EXERCISE DATA
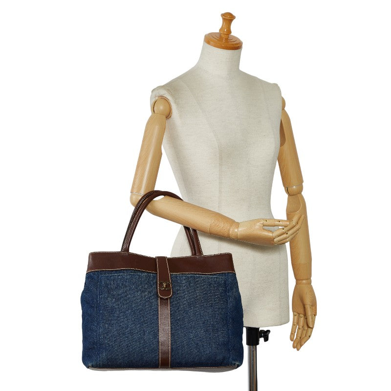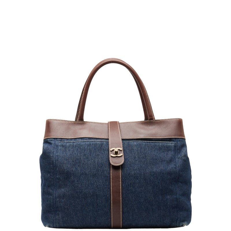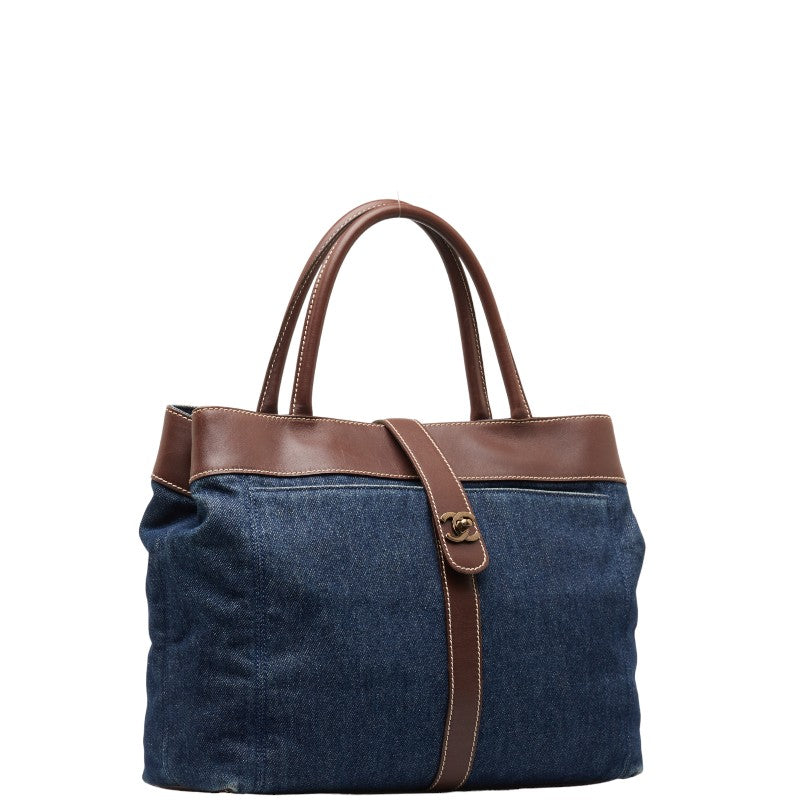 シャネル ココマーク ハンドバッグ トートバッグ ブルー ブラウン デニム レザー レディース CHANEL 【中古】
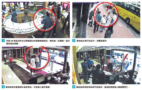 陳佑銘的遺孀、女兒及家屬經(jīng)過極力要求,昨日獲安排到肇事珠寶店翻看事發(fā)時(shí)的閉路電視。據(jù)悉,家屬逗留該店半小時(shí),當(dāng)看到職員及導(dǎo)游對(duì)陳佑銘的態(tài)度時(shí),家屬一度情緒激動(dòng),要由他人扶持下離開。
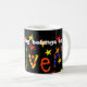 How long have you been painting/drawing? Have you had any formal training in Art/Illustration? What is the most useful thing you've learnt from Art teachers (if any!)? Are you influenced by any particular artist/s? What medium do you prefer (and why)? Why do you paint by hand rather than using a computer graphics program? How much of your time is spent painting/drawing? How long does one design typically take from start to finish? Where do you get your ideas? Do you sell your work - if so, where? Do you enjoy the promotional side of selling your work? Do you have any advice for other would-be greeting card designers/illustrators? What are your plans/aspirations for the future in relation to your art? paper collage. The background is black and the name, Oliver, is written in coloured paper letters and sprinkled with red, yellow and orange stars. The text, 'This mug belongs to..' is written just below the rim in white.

ACTIVITY
Set the material above down again word for word. Include none of its pictures.

SOLUTION FOR THIS TASK
 シャネル ココマーク ハンドバッグ トートバッグ ブルー ブラウン デニム レザー レディース CHANEL 【中古】
 陳佑銘的遺孀、女兒及家屬經(jīng)過極力要求,昨日獲安排到肇事珠寶店翻看事發(fā)時(shí)的閉路電視。據(jù)悉,家屬逗留該店半小時(shí),當(dāng)看到職員及導(dǎo)游對(duì)陳佑銘的態(tài)度時(shí),家屬一度情緒激動(dòng),要由他人扶持下離開。
 How long have you been painting/drawing? Have you had any formal training in Art/Illustration? What is the most useful thing you've learnt from Art teachers (if any!)? Are you influenced by any particular artist/s? What medium do you prefer (and why)? Why do you paint by hand rather than using a computer graphics program? How much of your time is spent painting/drawing? How long does one design typically take from start to finish? Where do you get your ideas? Do you sell your work - if so, where? Do you enjoy the promotional side of selling your work? Do you have any advice for other would-be greeting card designers/illustrators? What are your plans/aspirations for the future in relation to your art? paper collage. The background is black and the name, Oliver, is written in coloured paper letters and sprinkled with red, yellow and orange stars. The text, 'This mug belongs to..' is written just below the rim in white.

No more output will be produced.